So that's one example of posts specifically targeted to the HN audience.

The echo chamber is in the end only as large as the world is, the bigger HN
gets the smaller such an effect would be, even if people targeted HN
specifically in their writings. But the vast majority of the postings are not
like that, and those that are are - at least to me - quite often either useful
or interesting.

------
frossie
Isn't that encouraged? From the guidelines:

 _Don't abuse the text field in the submission form to add commentary to
links. The text field is for starting discussions. If you're submitting a
link, put it in the url field. If you want to add initial commentary on the
link, write a blog post about it and submit that instead._

<http://ycombinator.com/newsguidelines.html>

------
ErrantX
I think posts written for HN are not generally a bad thing - I've written
several blogs either with HN in mind or directly for consumption here - that
is actually encouraged by the guidelines.
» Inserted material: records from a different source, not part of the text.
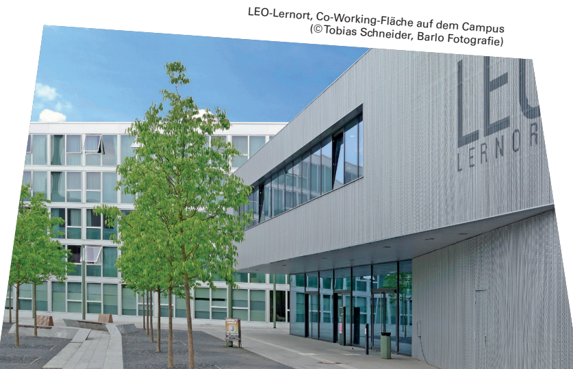
LEO-Lernort, Co-Working-Fläche auf dem Campus

Das Studium bereitet optimal auf die Anforderungen der digitalen Arbeitswelt und die Herausforderungen einer nachhaltigen Transformation von Wirtschaft und Gesellschaft vor.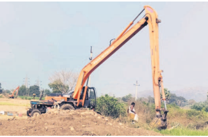
ఎండపల్లి మండల కేంద్రంలో పొలాలను కాపాడుకునేందుకు భారీ పొకెయిన్లతో పూడిక తీయిస్తున్న రైతు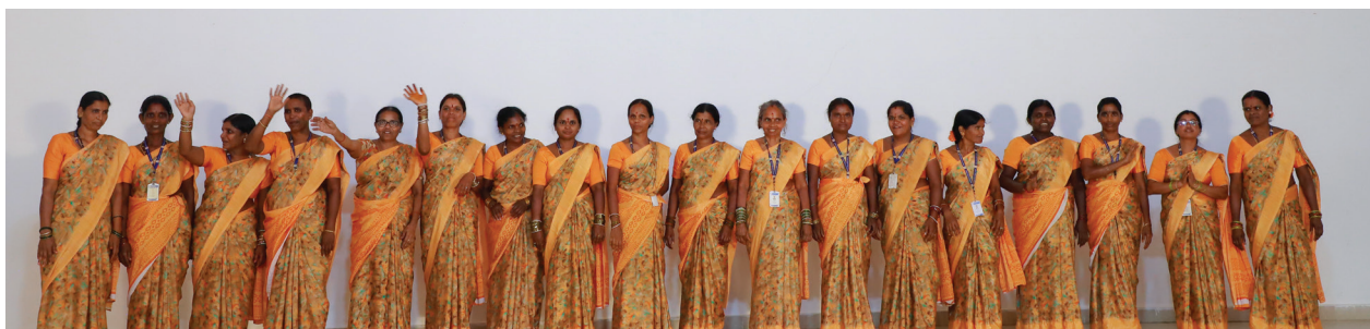
We appreciate you more than words can say - Our Support Staff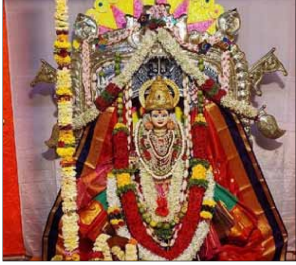
ಮುಂಡರಗಿ ಪಟ್ಟಣದ ಅಂಭಾವಾನಿ ದೇವಸ್ಥಾನದಲ್ಲಿ ನವರಾತ್ರಿ ಅಂಗವಾಗಿ ಮೊದಲ ದಿನದ ಘಟಿಸ್ತಾಪನ ಕಾರ್ಯಕ್ರಮ ನೆರವೇರಿಸಲಾಯಿತು. ಬೆಳಿಗ್ಗೆ ದೇವಿಗ ಬಂಗಾರ ಕಿರೀಟ ಧಾರಣೆ, ವಿಶೇಷ ಅಲಂಕಾರ ವಿವಿಧ ಪೂಜಾ ಕೈಕಾರ್ಯಗಳು ಜರುಗಿದವು.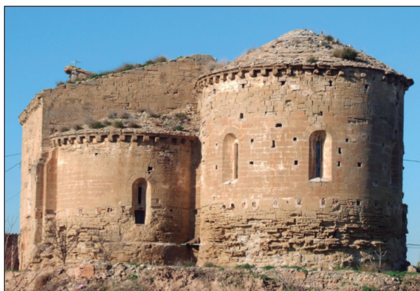
FIGURA 7. Vista general des de la capçalera de Sant Ruf de Lleida (segles XII-XIII).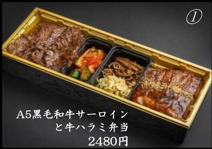
A5黒毛和牛サーロイン と牛ハラミ弁当 2480円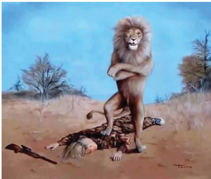
León Cazador, disponible en: http://guianetworkers.com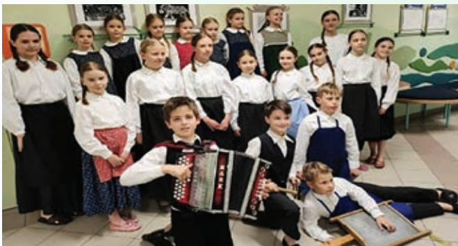
OFS OŠ STARŠE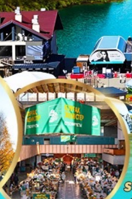
ตลาดกรีนบาร์ชา

ราคา เดียว 49,919 บาท รวมภาษีมูลค่าเพิ่ม 7%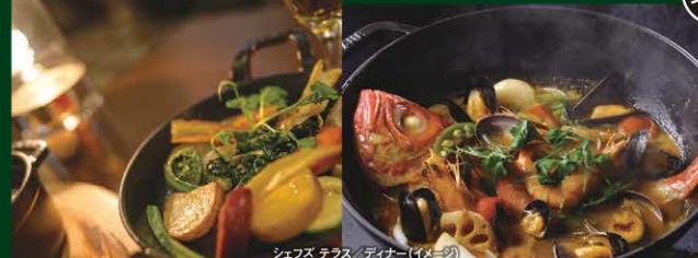
シェフズ テラス / ディナー(イメージ)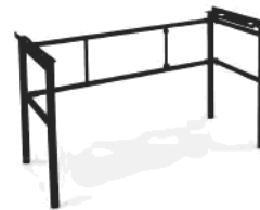
Profi-Stand, Metall, schwarz matt, faltbar ST-XLK5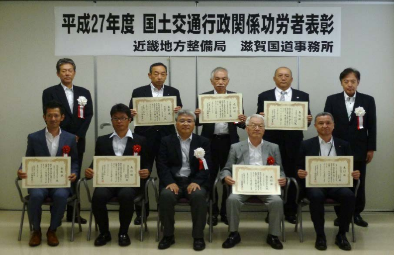
▲表彰状を授与された、建設コンサルタントの皆様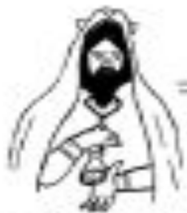
Hermetic Order: The sacred knowledge passed down "by secret agreement"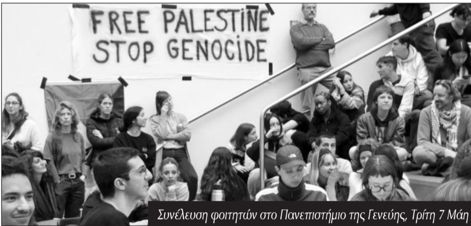
Συνέλευση φοιτητών στο Πανεπιστήμιο της Γενεύης, Τρίτη 7 Μάη

μαθήματα διαδικτυακά, ενώ δεν έλειψαν και οι απειλές για διακοπή της χρηματοδότησης στο ίδρυμα για το διάστημα που διαρκούν οι κινητοποιήσεις.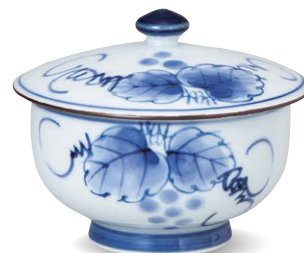
363-201-903 2,100円 古染ぶどう 汲出 (10×7.8・190cc)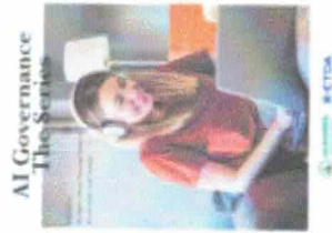
AI Governance The Series VOLUME 4 My Rights : Fro... • 203 |< Share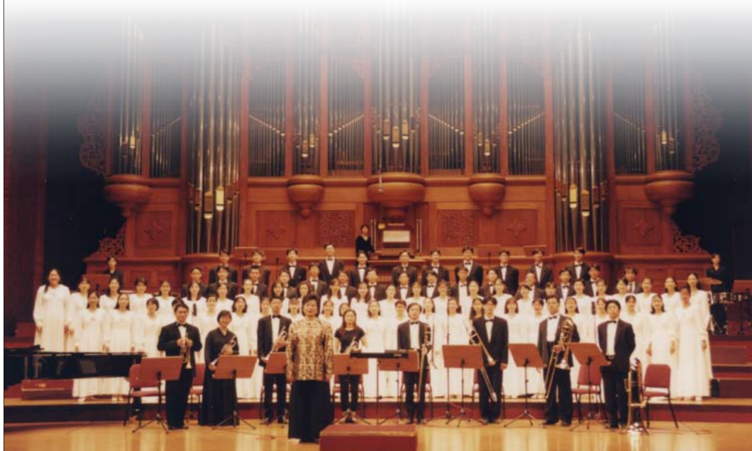
1997年杏聲合唱團於國家音樂廳演出

以上這些社團初成立的時候，沒有足夠的經費、空間或設備，但是這些社團的成立都有著一樣的精神——對人文藝術的熱愛，社團的發展中，看到了北醫學子在此中注入的生命與熱情，因為這股熱情，讓北醫校園豐富起來，讓北醫校園充滿了生命的力量，因而造就了許多輝煌耀眼的成績。此外，這些社團也陪著北醫成長、茁壯，過程中或許有起有落，看盡北醫的繁華及紛擾，也陪著北醫人度過無數的校園生活，撫慰了北醫學子的心。

But you're right - people ''tailoring'' articles for HN could be a problem. I
realised a while ago that the right title can get you on the main page, but I
can't bring myself to play the system :) It's only a blog, not really worth
it.

------
stackthat
This is true and mostly because a news in HN triggers an idea in the reader
and instead of writing a comment which will be missed by masses they write a
blog post and submit to HN, I think it's good but I wish there was a way to
link these discussion so new comers to that topic knew what the hell the blog
post was talking about.

------
petercooper
I like to keep an eye on things like this and, yes, what I'm seeing leads me
to believe you're right. But it's a part of a larger trend of people
"targeting" and reworking content to do better on social sites generally -
just getting the "right" title can make all the difference, especially on HN
where titles rule.

------
deltapoint
Content targeted to HN can lead to well catered content and in-depth
discussions with multiple posts on similar topics.

I think as long as the community doesn't just vote up articles because they
pander, content targeted towards HN is a great thing.

------
retroafroman
Your consensus seems reasonable to me. It would be interesting to see how many
links submitted are by the author. Not that there is anything wrong with that,
just saying I would be curious to see.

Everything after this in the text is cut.